Mendelson: David, one thing...
Zervos: Yes, please—interrupt me any time.
Mendelson: Be wary of basis risk. That's what this is.
Zervos: You can hit the bit on both of those in 30 seconds. Let's do this—let's stay on the international theme—and I really thought your chart on demographics, Nikolay, was a fantastic chart. And I actually have no idea how to interpret that. Why is it what it is, why is having more 49-year-olds than 29-year-olds is so good for stocks. If anybody's got a great story for that, I'd love to hear it. But maybe you can tackle that if you've got a good idea for it. But with greater international integration in financial markets, will global demographics—rather than this local country demographic story—be important as a long-run driver of asset returns?

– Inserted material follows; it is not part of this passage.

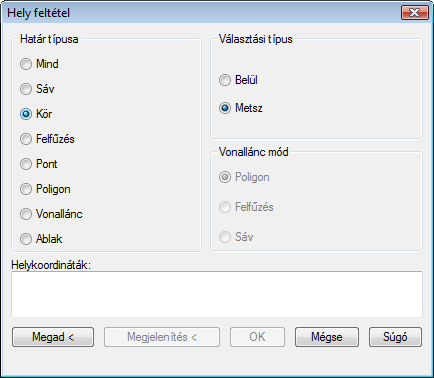 A Hely feltétel párbeszédpanelen tegye a következőket: A Határ típusa területen jelölje be a Kör rádiógombot.
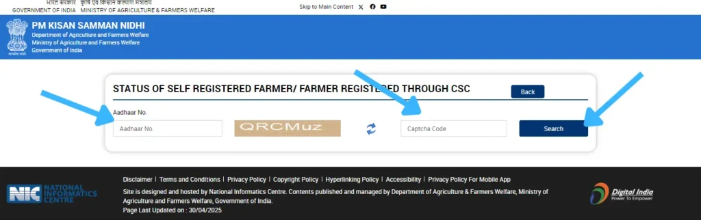 - Status of Self-Registered Farmer / Farmer Registered Through CSC विकल्प चुनें और आधार नंबर दर्ज करके स्टेटस देखें।

Gospodinov: It's an interesting question. So first, the story for this demographic is, basically, the demographic is affecting savings rates and risk preferences. And this is how the story goes, but this is an interesting question. So we haven't thought about this carefully. At the same time, I would say that, globally, the demographic is exhibiting similar trends, right? Especially over the developed world. Whether the emerging markets will help in this direction quite a bit, I don't think so. It's a substantial drag on not only these low-frequency movements in asset returns, but as [St. Louis Fed] President [James] Bullard pointed out this morning, it's affecting labor productivity and stuff like that. So the global factor cannot overcome—at least in the near future—this strong demographic structure that we are observing in the U.S. and the rest of the developed world. But this is my take on this. But it's an interesting question—I haven't thought about this.
Zervos: You have an answer? No? Me either. My only thought was, maybe there's just less lazy millennials, so it's better? I don't know, but maybe that's not a less...because you have less 29-year-olds, and more...I don't know, I'm just trying to think of why it would go...
Mendelson: I don't know much about 29-year-olds, or 49-year-olds, so... [laughter]
Zervos: I'm 50, so... well, we have two minutes to spare. I'm not going to run over, I know everybody hates when we run over. Thanks to our two panelists, Nikolay and Michael, for giving great presentations. Thank you all for being a great audience—great questions.